> **Requirement**: The pictures stay out. Please retype every line below exactly.

Stored items:
○ ○ ○
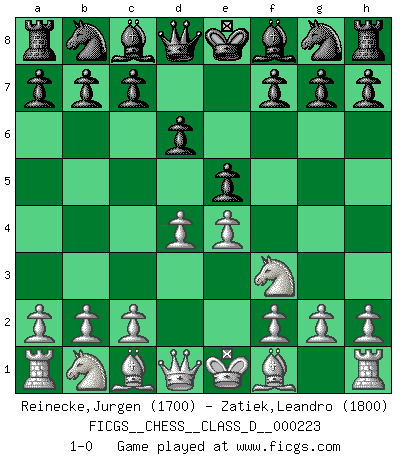 Last move : 1-0 2015 November 30 19:54:7 [Event "FICGS__CHESS__CLASS_D__000223"] [Site "FICGS"] [Date "2015.10.15"] [Round "1"] [White "Reinecke,Jurgen"] [Black "Zatiek,Leandro"] [Result "1-0"] [WhiteElo "1700"] [BlackElo "1800"] 1.e4 e5 2.Nf3 d6 3.d4 1-0 This chess game has been lost on time (started : 2015.10.15 1:47:6) Philidor's defense Player White won this chess game. Follow this game move after move (download)Chess is thirty to forty percent psychology. You don't have this when you play a computer. I can't confuse it. (Judith Polgar) Das Schachspiel ist ein See, in welchem eine Mücke baden und ein Elefant ertrinken kann. (Emanuel Lasker) El ganar no lo es todo... pero el perder es nada. (Mednis) Pour moi, les échecs ne sont pas un jeu mais un art. (Alexandre Alekhine) Tomorrow's what you make of it. (Horatio Caine, C.S.I. Miami)
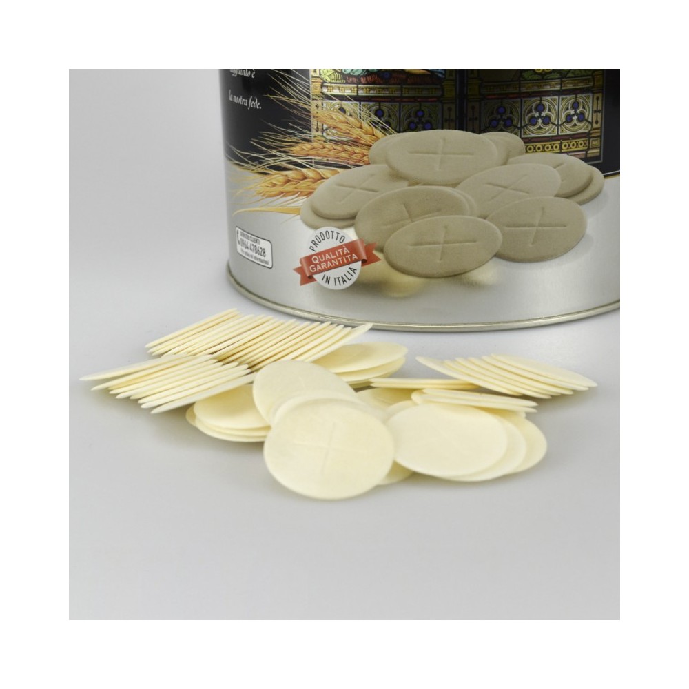 Queste particole bianche sottili dal diametro 3,5 cm sono prodotte in Italia nel rispetto delle normative liturgiche e alimentari per la massima qualità e sicurezza.
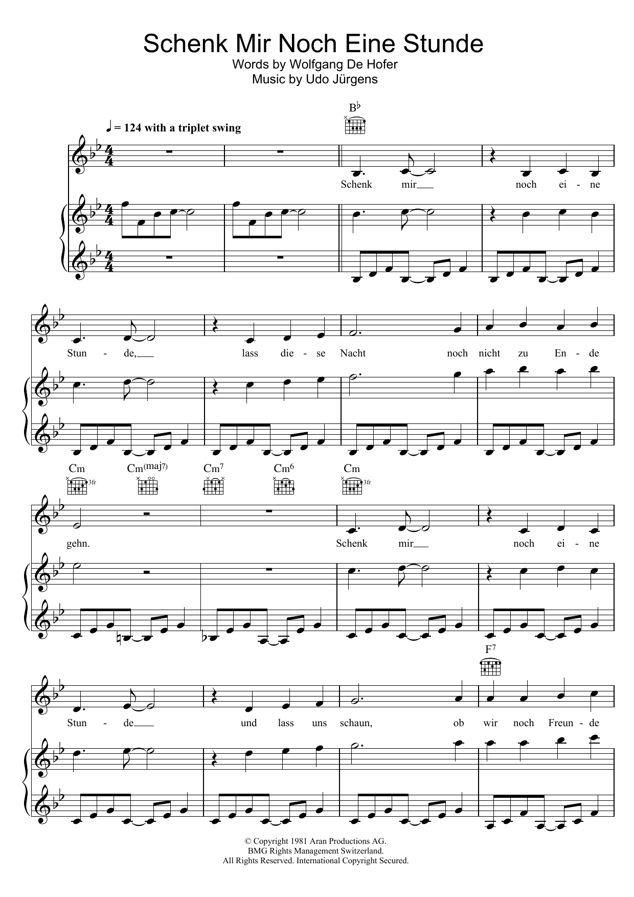 Download or print Udo Jurgens Schenk Mir Noch Eine Stunde sheet music, chords and digital score arranged for Piano, Vocal & Guitar Chords. This Pop score includes 7 page(s).
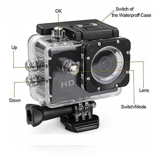 HD sports action camera with additional feature, which is high-definition digital motion video recording device designed to meet your sporting needs. It has a variety of industry-leading features including digital video recording, photo shooting, audio recording, video display and detachable battery, which makes it perfect for vehicle data recording, photo shooting, outdoor sports, home security, etc. with supporting up to 32GB Storage SD Card. 900mAh rechargeable lithium-ion battery, offers 720p, VGA (848 x 480) and QVGA (640 x 480) settings in addition to 1080p Full HD, Captures 12 MP Still Photos, Ultra-Wide 170° Lens. This is the most cost-effective action camera in market.
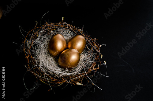© Elina, Fototapeta premium Golden Easter Eggs in birds Nest on black background. Easter Holiday concept abstract background copyspace top view several objects.
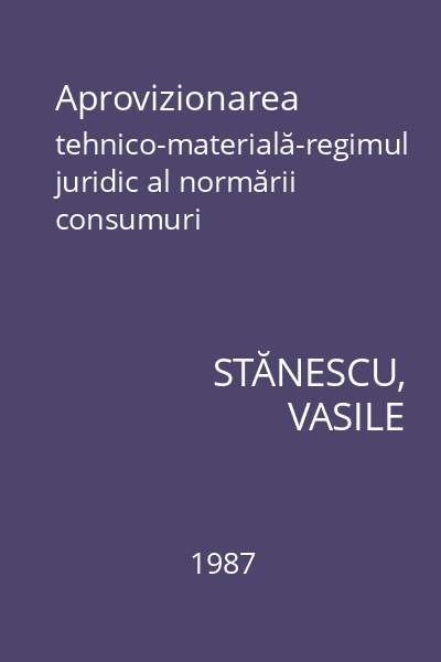 | Titlu | Aprovizionarea tehnico-materială în industrie |
○ ○ ○
> **Result of this exercise**:
 Last move : 1-0 2015 November 30 19:54:7 [Event "FICGS__CHESS__CLASS_D__000223"] [Site "FICGS"] [Date "2015.10.15"] [Round "1"] [White "Reinecke,Jurgen"] [Black "Zatiek,Leandro"] [Result "1-0"] [WhiteElo "1700"] [BlackElo "1800"] 1.e4 e5 2.Nf3 d6 3.d4 1-0 This chess game has been lost on time (started : 2015.10.15 1:47:6) Philidor's defense Player White won this chess game. Follow this game move after move (download)Chess is thirty to forty percent psychology. You don't have this when you play a computer. I can't confuse it. (Judith Polgar) Das Schachspiel ist ein See, in welchem eine Mücke baden und ein Elefant ertrinken kann. (Emanuel Lasker) El ganar no lo es todo... pero el perder es nada. (Mednis) Pour moi, les échecs ne sont pas un jeu mais un art. (Alexandre Alekhine) Tomorrow's what you make of it. (Horatio Caine, C.S.I. Miami)
 Queste particole bianche sottili dal diametro 3,5 cm sono prodotte in Italia nel rispetto delle normative liturgiche e alimentari per la massima qualità e sicurezza.
 Download or print Udo Jurgens Schenk Mir Noch Eine Stunde sheet music, chords and digital score arranged for Piano, Vocal & Guitar Chords. This Pop score includes 7 page(s).
 HD sports action camera with additional feature, which is high-definition digital motion video recording device designed to meet your sporting needs. It has a variety of industry-leading features including digital video recording, photo shooting, audio recording, video display and detachable battery, which makes it perfect for vehicle data recording, photo shooting, outdoor sports, home security, etc. with supporting up to 32GB Storage SD Card. 900mAh rechargeable lithium-ion battery, offers 720p, VGA (848 x 480) and QVGA (640 x 480) settings in addition to 1080p Full HD, Captures 12 MP Still Photos, Ultra-Wide 170° Lens. This is the most cost-effective action camera in market.
© Elina, Fototapeta premium Golden Easter Eggs in birds Nest on black background. Easter Holiday concept abstract background copyspace top view several objects.
 | Titlu | Aprovizionarea tehnico-materială în industrie |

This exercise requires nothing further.